• [PROBLEM DETAILS]:
Please return each of the entries exactly, minus their pictures.

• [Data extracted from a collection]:
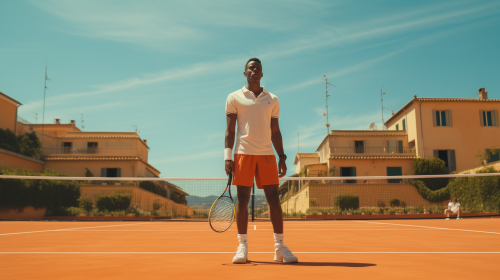 a wide shot of a black tennis player serving on a clay tennies court. sunny day. Wes anderson style. shot on 35 mm film. anamorphic lenses. cinematic. --ar 16:9
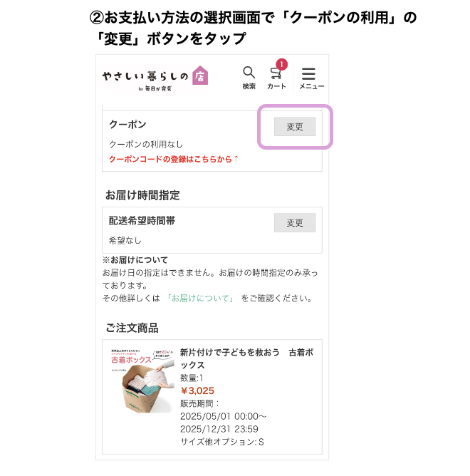 ご購入手続き内にあるお支払い情報「クーポン利用」の「変更」をクリックし、クーポンコード欄に「クーポン番号(6ケタ:半角数字)」を入力します。
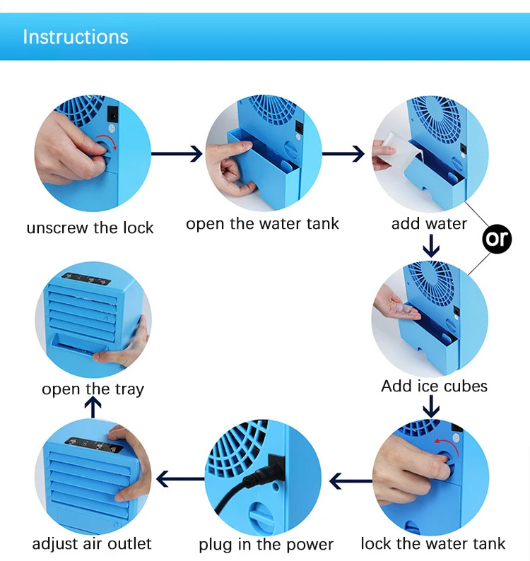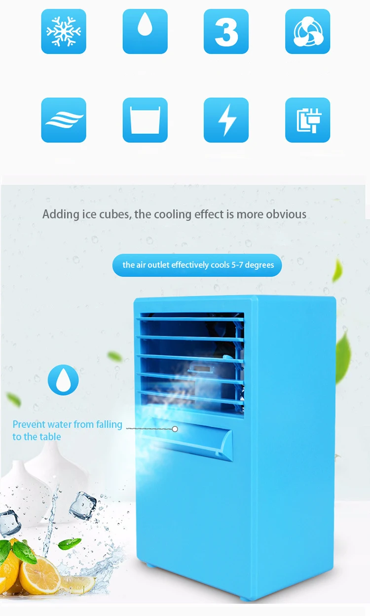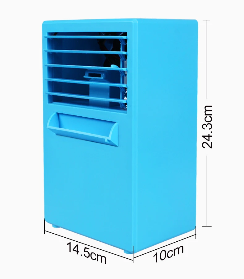 Remote Control Function: NoTiming Function: No TimingPower (W): 18wAir supply mode: OtherMax. Timing Limit: No TimingSuspender Length: No SuspenderReverse Rotating Function: NoWater-shortage Power-off Protection: YesWind Type: Natural WindMax. Power: <20WType: Cooling OnlyInstallation: MiniMaterial: PLASTICCertification: CEControlling Mode: Mechanical Timer ControlType: Air Cooling FanSize: >1400MMRotary Vane Quantity: 9Fan Speed: Third GearPower Source: ElectricApplication: 10-15㎡Technology: OtherUsage: HomeBrand Name: kbxstartVoltage (V): 24VColor: blue whiteSize: 14.5*10*24.3cmMaterials: ABSWeight: about 0.927kgSpeed style: Adjustable-three speeds(High/Medium/Low)Noise: Below 65dBSpray volume: 70ml/LSpray time: 4-6 hoursWater tank capacity: 420MLFeature: Evaporative Air CoolerSpecial features: Refrigeration, humidification, Steamed face, fresh air
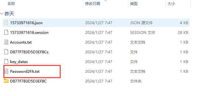 5、如果输入验证码后 还需要输入两步验证密码【2fa验证码】,请前往文件中查找如图所示的文件-文件名中带有2FA的文件,然后打开获取2FA验证密码填入即可。
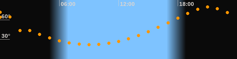 Höchster Stand (Kulmination)21:05 Uhr (h = 79,5°)
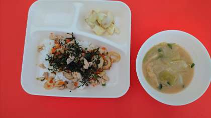 今日の献立は「かやくご飯」「みそ汁」「焼きじゃが」「牛乳」です。
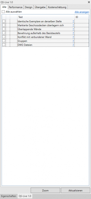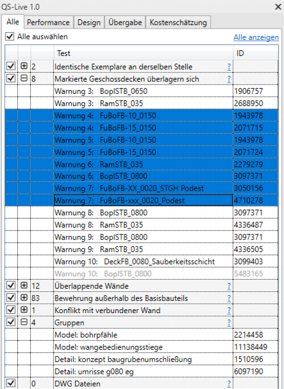 Der User hat die Option, alle Tests durchzuführen oder nur diejenigen, die er auswählt. Selbst bei einer großen Anzahl von Problemen im Modell sammelt das Tool die Informationen rasch.
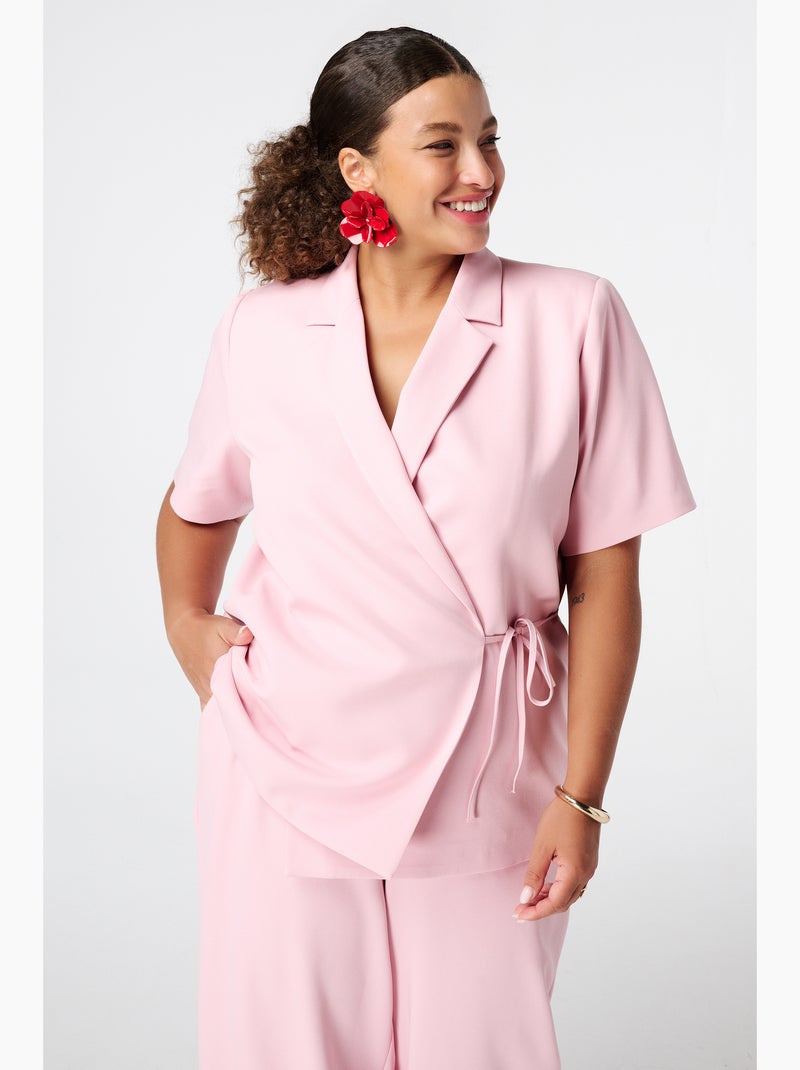 MS MODE Veste Blazer à revers manches courtes - Rose clair
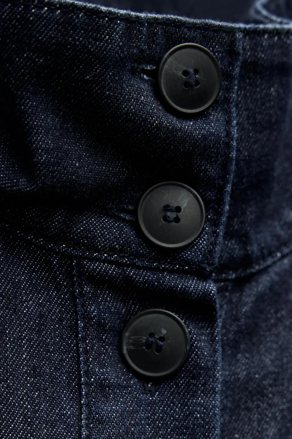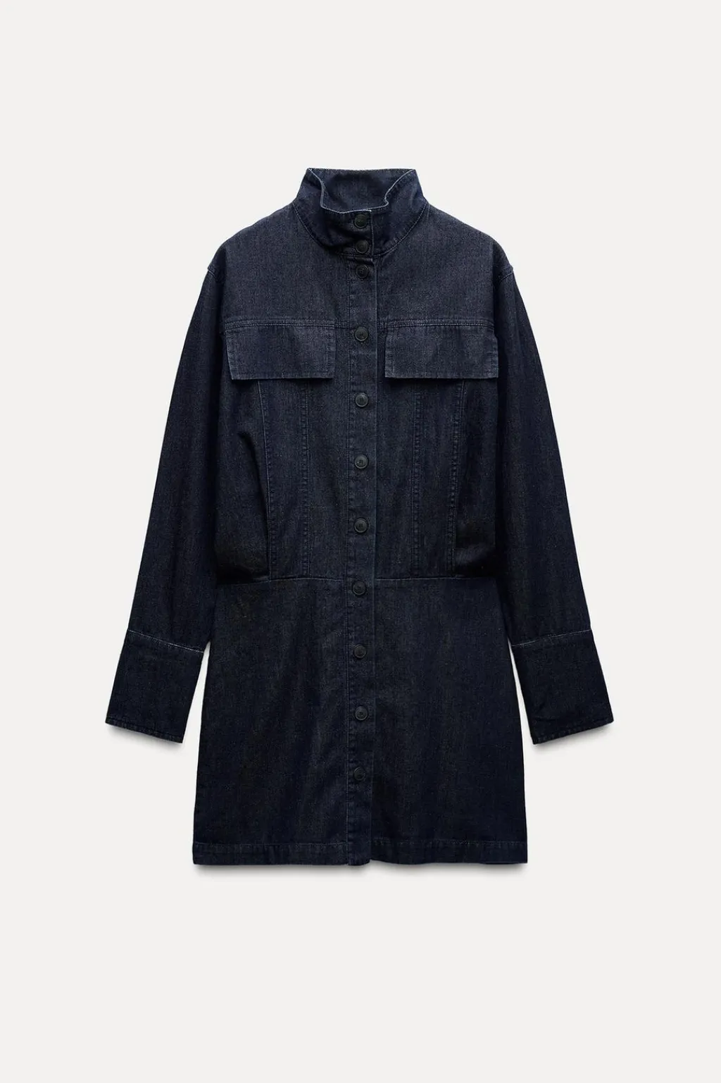 Vestido corto de cuello alto y manga larga acabada en puño. Bolsillos de plastrón con solapa en delantero. Detalle de pespuntes marcados. Cierre frontal con botones.

• [RESPONSE TO THE EXERCISE]:
 a wide shot of a black tennis player serving on a clay tennies court. sunny day. Wes anderson style. shot on 35 mm film. anamorphic lenses. cinematic. --ar 16:9
 ご購入手続き内にあるお支払い情報「クーポン利用」の「変更」をクリックし、クーポンコード欄に「クーポン番号(6ケタ:半角数字)」を入力します。
 Remote Control Function: NoTiming Function: No TimingPower (W): 18wAir supply mode: OtherMax. Timing Limit: No TimingSuspender Length: No SuspenderReverse Rotating Function: NoWater-shortage Power-off Protection: YesWind Type: Natural WindMax. Power: <20WType: Cooling OnlyInstallation: MiniMaterial: PLASTICCertification: CEControlling Mode: Mechanical Timer ControlType: Air Cooling FanSize: >1400MMRotary Vane Quantity: 9Fan Speed: Third GearPower Source: ElectricApplication: 10-15㎡Technology: OtherUsage: HomeBrand Name: kbxstartVoltage (V): 24VColor: blue whiteSize: 14.5*10*24.3cmMaterials: ABSWeight: about 0.927kgSpeed style: Adjustable-three speeds(High/Medium/Low)Noise: Below 65dBSpray volume: 70ml/LSpray time: 4-6 hoursWater tank capacity: 420MLFeature: Evaporative Air CoolerSpecial features: Refrigeration, humidification, Steamed face, fresh air
 5、如果输入验证码后 还需要输入两步验证密码【2fa验证码】,请前往文件中查找如图所示的文件-文件名中带有2FA的文件,然后打开获取2FA验证密码填入即可。
 Höchster Stand (Kulmination)21:05 Uhr (h = 79,5°)
 今日の献立は「かやくご飯」「みそ汁」「焼きじゃが」「牛乳」です。
 Der User hat die Option, alle Tests durchzuführen oder nur diejenigen, die er auswählt. Selbst bei einer großen Anzahl von Problemen im Modell sammelt das Tool die Informationen rasch.
 MS MODE Veste Blazer à revers manches courtes - Rose clair
 Vestido corto de cuello alto y manga larga acabada en puño. Bolsillos de plastrón con solapa en delantero. Detalle de pespuntes marcados. Cierre frontal con botones.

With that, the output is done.